= Caroline Henrietta Sheridan =

English novelist

Caroline Henrietta Sheridan (née Callander; 1779 – 9 June 1851) was an English novelist of the 19th century.

==Biography==
Caroline Callander was second daughter of Colonel James Callander (afterwards Sir James Campbell), by his third wife, Lady Elizabeth Helena (d. 1851), youngest daughter of Alexander Macdonnell, fifth earl of Antrim. Miss Callander, one of the beauties of her day, was married in 1805 to Thomas Sheridan, the son of Richard Brinsley Sheridan and his wife Elizabeth Ann Linley, and by him she was mother of the politician Richard Brinsley Sheridan and 'the three beauties, Helen Blackwood, Baroness Dufferin and Claneboye; the feminist Caroline Norton; and Georgiana Seymour, Duchess of Somerset.

The only extant account of Caroline Sheridan's character is contained in a letter written from Inveraray Castle by Matthew Lewis to his mother: "Mrs. T. Sheridan is very pretty, very sensible, amiable, and gentle; indeed so gentle that Tom insists upon it, that her extreme quietness and tranquillity is a defect in her character. Above all, he accuses her of such an extreme apprehension of giving trouble (he says) it amounts to absolute affectation".

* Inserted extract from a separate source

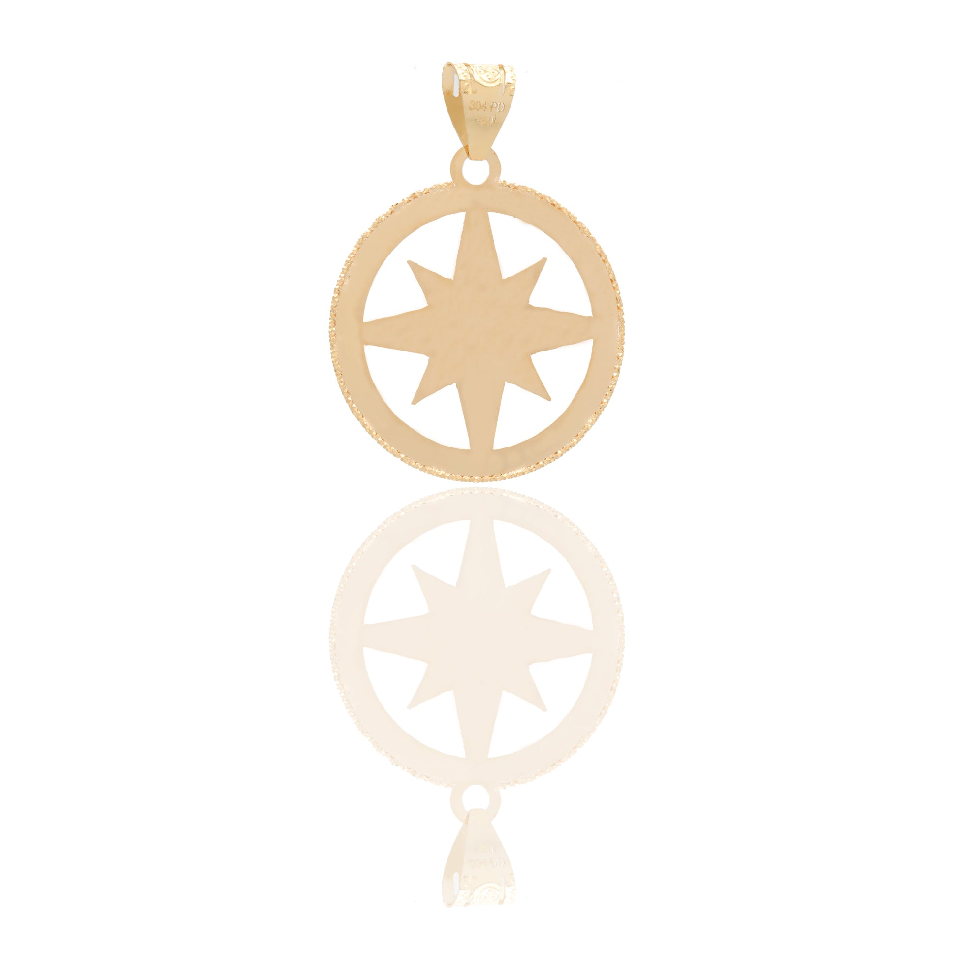 Ciondolo in oro GIALLO Oro 18 carati Rosa dei venti traforata Solo Oro 2,9cm x 2cm Gr. 0,8

She accompanied her husband in 1813 to the Cape of Good Hope, where, while serving the office of colonial treasurer, he died of consumption on 12 September 1817. She received a small pension, and rooms at Hampton Court Palace were given to her by the prince regent. There she reared and educated her four sons and three daughters. After her children were grown up, Frances Kemble wrote in Records of a Girlhood: "Mrs. Sheridan, the mother of the Graces, is more beautiful than anybody but her daughters".

She published three novels which – according to the Dictionary of National Biography – pleased the public. The first was Carwell, or Crime and Sorrow (1830), which was designed to expose the inequitable sentences pronounced upon those who had been guilty of forgery. The second was Aims and Ends (1833); and the third, Oonagh Lynch (1833). Soon after publication, Carwell was translated into French and published in Paris.

She died on 9 June 1851, at 39 Grosvenor Place, in the house of her daughter, Lady Dufferin.